_SUPPLIED RECORDS_:

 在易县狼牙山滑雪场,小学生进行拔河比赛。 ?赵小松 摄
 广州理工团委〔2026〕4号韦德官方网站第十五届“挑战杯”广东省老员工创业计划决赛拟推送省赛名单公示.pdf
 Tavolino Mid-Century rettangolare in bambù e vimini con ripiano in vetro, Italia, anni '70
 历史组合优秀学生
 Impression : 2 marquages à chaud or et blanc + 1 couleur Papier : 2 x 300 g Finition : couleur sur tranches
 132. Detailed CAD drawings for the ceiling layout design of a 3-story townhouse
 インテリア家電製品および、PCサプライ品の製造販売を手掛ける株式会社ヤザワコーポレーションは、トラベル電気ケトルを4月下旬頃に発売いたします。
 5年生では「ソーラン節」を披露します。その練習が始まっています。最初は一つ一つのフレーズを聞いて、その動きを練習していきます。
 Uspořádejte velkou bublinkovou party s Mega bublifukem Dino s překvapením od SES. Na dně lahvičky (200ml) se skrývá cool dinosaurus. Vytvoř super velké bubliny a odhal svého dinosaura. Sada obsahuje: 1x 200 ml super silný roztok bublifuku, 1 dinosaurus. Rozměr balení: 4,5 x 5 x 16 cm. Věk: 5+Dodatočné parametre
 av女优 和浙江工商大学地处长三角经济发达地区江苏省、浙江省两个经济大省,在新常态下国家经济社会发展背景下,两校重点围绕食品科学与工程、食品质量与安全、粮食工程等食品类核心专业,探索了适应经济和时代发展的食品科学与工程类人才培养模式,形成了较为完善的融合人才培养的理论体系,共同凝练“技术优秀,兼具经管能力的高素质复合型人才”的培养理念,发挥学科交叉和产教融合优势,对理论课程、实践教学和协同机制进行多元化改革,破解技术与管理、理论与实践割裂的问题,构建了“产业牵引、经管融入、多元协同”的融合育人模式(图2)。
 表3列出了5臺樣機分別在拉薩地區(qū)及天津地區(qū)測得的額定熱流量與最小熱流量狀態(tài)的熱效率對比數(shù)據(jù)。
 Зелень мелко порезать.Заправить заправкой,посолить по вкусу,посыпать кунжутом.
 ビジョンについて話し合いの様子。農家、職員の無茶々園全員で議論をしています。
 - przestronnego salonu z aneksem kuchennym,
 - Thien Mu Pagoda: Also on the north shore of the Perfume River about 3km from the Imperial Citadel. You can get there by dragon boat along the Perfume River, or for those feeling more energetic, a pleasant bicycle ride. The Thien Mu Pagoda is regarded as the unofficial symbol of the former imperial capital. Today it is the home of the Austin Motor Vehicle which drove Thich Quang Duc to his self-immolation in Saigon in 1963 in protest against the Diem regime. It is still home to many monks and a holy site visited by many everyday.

_TRY IT_: All entries above are to be repeated verbatim, down to the last line.

_THE COMPLETED TASK_:
 在易县狼牙山滑雪场,小学生进行拔河比赛。 ?赵小松 摄
 广州理工团委〔2026〕4号韦德官方网站第十五届“挑战杯”广东省老员工创业计划决赛拟推送省赛名单公示.pdf
 Tavolino Mid-Century rettangolare in bambù e vimini con ripiano in vetro, Italia, anni '70
 历史组合优秀学生
 Impression : 2 marquages à chaud or et blanc + 1 couleur Papier : 2 x 300 g Finition : couleur sur tranches
 132. Detailed CAD drawings for the ceiling layout design of a 3-story townhouse
 インテリア家電製品および、PCサプライ品の製造販売を手掛ける株式会社ヤザワコーポレーションは、トラベル電気ケトルを4月下旬頃に発売いたします。
 5年生では「ソーラン節」を披露します。その練習が始まっています。最初は一つ一つのフレーズを聞いて、その動きを練習していきます。
 Uspořádejte velkou bublinkovou party s Mega bublifukem Dino s překvapením od SES. Na dně lahvičky (200ml) se skrývá cool dinosaurus. Vytvoř super velké bubliny a odhal svého dinosaura. Sada obsahuje: 1x 200 ml super silný roztok bublifuku, 1 dinosaurus. Rozměr balení: 4,5 x 5 x 16 cm. Věk: 5+Dodatočné parametre
 av女优 和浙江工商大学地处长三角经济发达地区江苏省、浙江省两个经济大省,在新常态下国家经济社会发展背景下,两校重点围绕食品科学与工程、食品质量与安全、粮食工程等食品类核心专业,探索了适应经济和时代发展的食品科学与工程类人才培养模式,形成了较为完善的融合人才培养的理论体系,共同凝练“技术优秀,兼具经管能力的高素质复合型人才”的培养理念,发挥学科交叉和产教融合优势,对理论课程、实践教学和协同机制进行多元化改革,破解技术与管理、理论与实践割裂的问题,构建了“产业牵引、经管融入、多元协同”的融合育人模式(图2)。
 表3列出了5臺樣機分別在拉薩地區(qū)及天津地區(qū)測得的額定熱流量與最小熱流量狀態(tài)的熱效率對比數(shù)據(jù)。
 Зелень мелко порезать.Заправить заправкой,посолить по вкусу,посыпать кунжутом.
 ビジョンについて話し合いの様子。農家、職員の無茶々園全員で議論をしています。
 - przestronnego salonu z aneksem kuchennym,
 - Thien Mu Pagoda: Also on the north shore of the Perfume River about 3km from the Imperial Citadel. You can get there by dragon boat along the Perfume River, or for those feeling more energetic, a pleasant bicycle ride. The Thien Mu Pagoda is regarded as the unofficial symbol of the former imperial capital. Today it is the home of the Austin Motor Vehicle which drove Thich Quang Duc to his self-immolation in Saigon in 1963 in protest against the Diem regime. It is still home to many monks and a holy site visited by many everyday.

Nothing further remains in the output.